Surround yourself with good company. It sounds cliché, but it’s true—it’s lonely at the top. Everyone needs their own “advisory board,” confidantes with whom to share, commiserate and celebrate, but also ones who will give the straight talk when you need it. What helped me as a CEO, and is advice I’d like to pass on, is to hire an executive coach. Your coach will guide you through the process of understanding, learning, prioritizing, building and sustaining a business. You will be expected to have all the answers and you won’t. It’s important to seek outside perspective for your own well-being.
What helped you get to where you are today?

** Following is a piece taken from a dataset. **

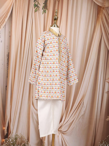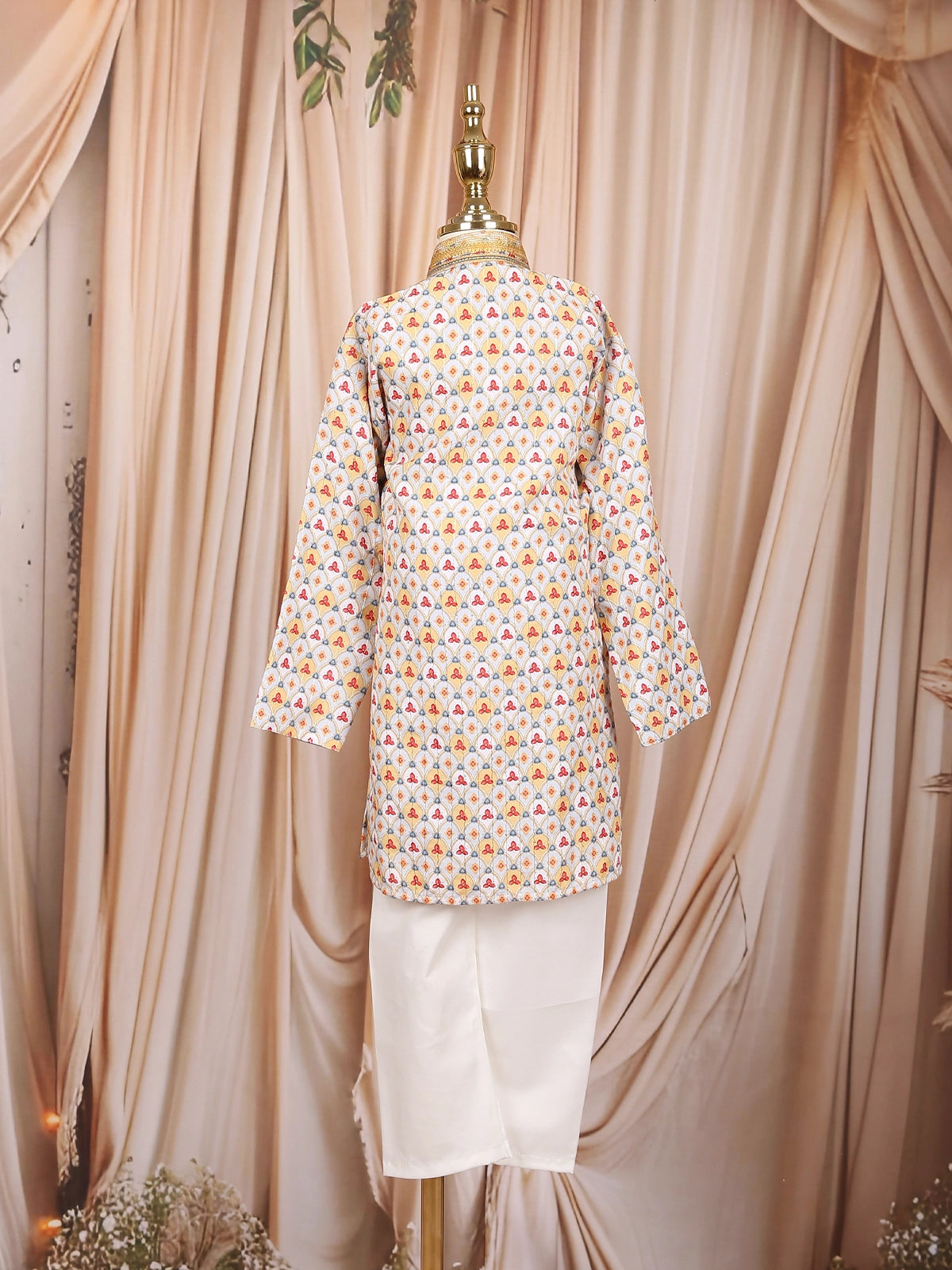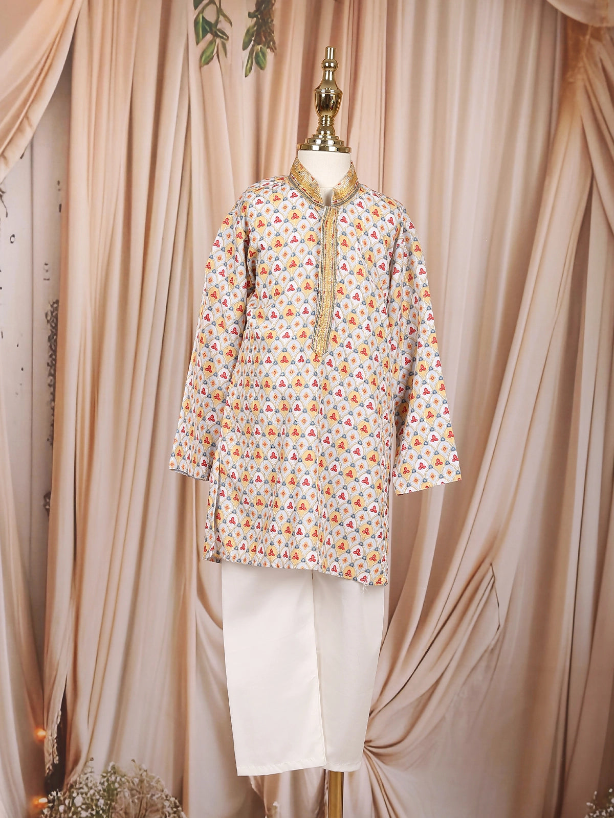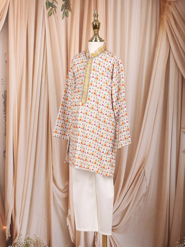 The kurta features a bright and playful floral woven design in multiple colors, adding a vibrant touch that kids will love. The golden embroidered neckline enhances its traditional beauty, making it perfect for celebrations and family gatherings. Paired with a comfortable white cotton pajama, this set blends simplicity with festive flair.

President, TBWA\Chiat\Day New York
Earlier in my career, I struggled with whether I belonged here. Being Hispanic and not seeing enough people like me in the business, it was a constant question of whether I’d earned my place in the industry. During the last five years of my life, I started to look back and think I’ve accomplished quite a lot; I’ve arrived. I sometimes get tired of chasing it all … but people along the journey became massive advocates for me. It was a combination of hard work and people who saw that and wanted to celebrate it. In today’s world, those advocates have all been men, which is awesome. When I was in accounts, there was someone who acted as my PR machine, and I didn’t even know I had one.

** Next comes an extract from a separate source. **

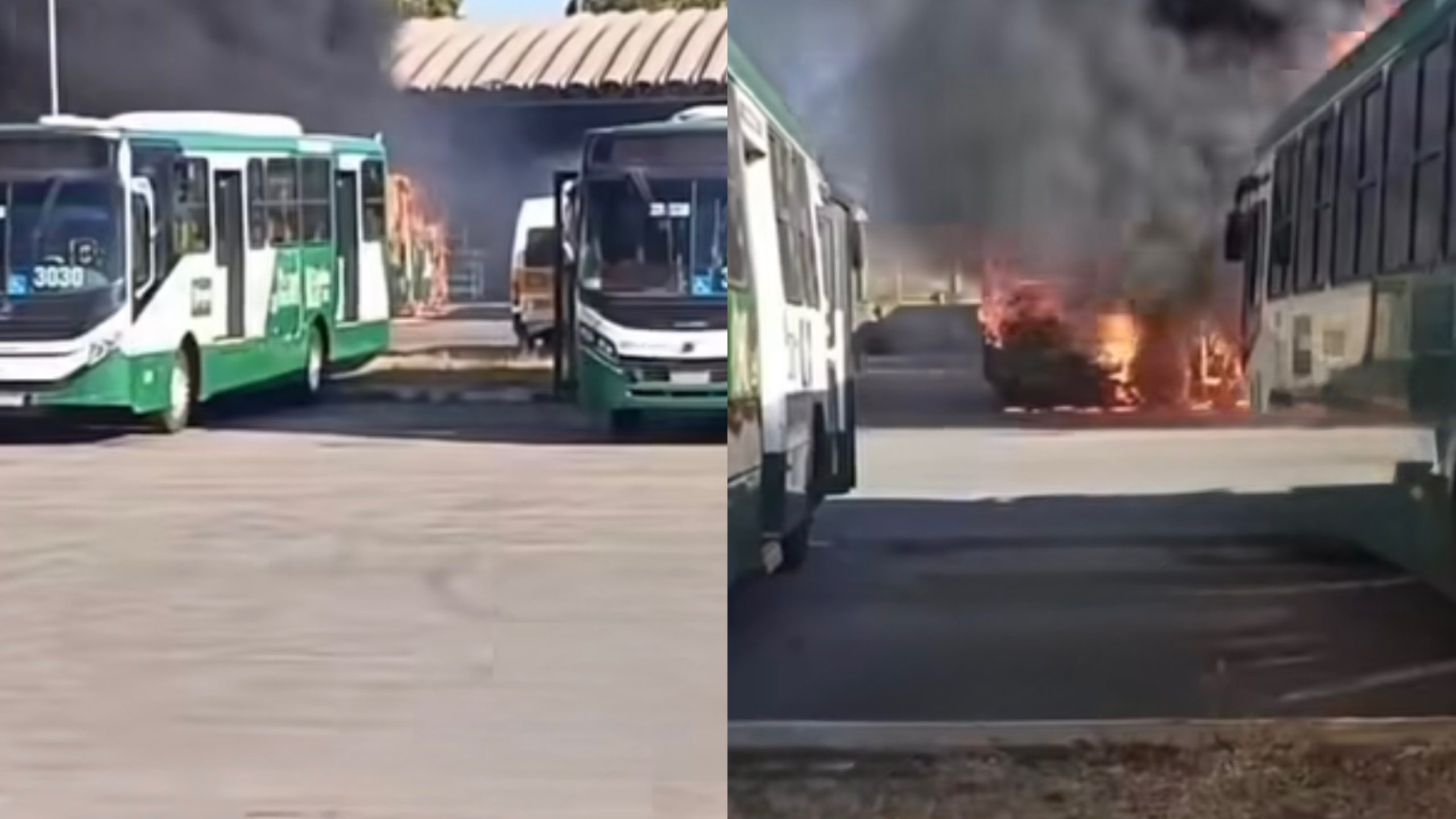 De acordo com as informações, 4 veículos do transporte coletivo já foram consumidos pelo fogo.

Executive Vice President, Chief Creative Officer, Burrell Communications
I’m African American, so that’s always been an underlying theme in this industry. Careerwise, honestly, I have had some instances where it bubbled to the surface, but I had to ignore it. Being from the South, [I knew] that’s just how life is. Growing up, I had no idea advertising even existed. But I was always able to draw, took art classes and went to college as an art major. I was aware of fine art, the masters, et cetera, but had no idea that inside me was this art director. But I took classes in graphic design and found that I had a knack for it. It opened my mind, and my professor said, Lewis, you might be good at commercial art. I went out to San Diego to get a job, looking for work with anyone who would hire me, and I happened to get a job in the production department at an agency. That’s how my career started.
CEO, Co-founder, DoorDash
I was a very curious person from a young age, which eventually led to entrepreneurship. I started my first business when I was 8 and had a number of odd jobs growing up, including working in my mom’s restaurant. My background has taken me from cancer research to business to new technology. I often search for challenging problems and try to find tangible solutions. Growing a company as fast as DoorDash has grown makes me feel lucky, as it’s like always climbing uphill. Bring on the challenge. I’m wrong about a lot of things all the time, both big and small. I don’t fret about being wrong because you can fix things quickly if you’re humble and willing to change your point of view. Being wrong is also the easiest way to get to the right answer.
As told to Patrick Coffee, Robert Klara, Jason Lynch, Kristina Monllos, Erik Oster, Diana Pearl, Stacy Perman, Katie Richards and Lindsay Rittenhouse.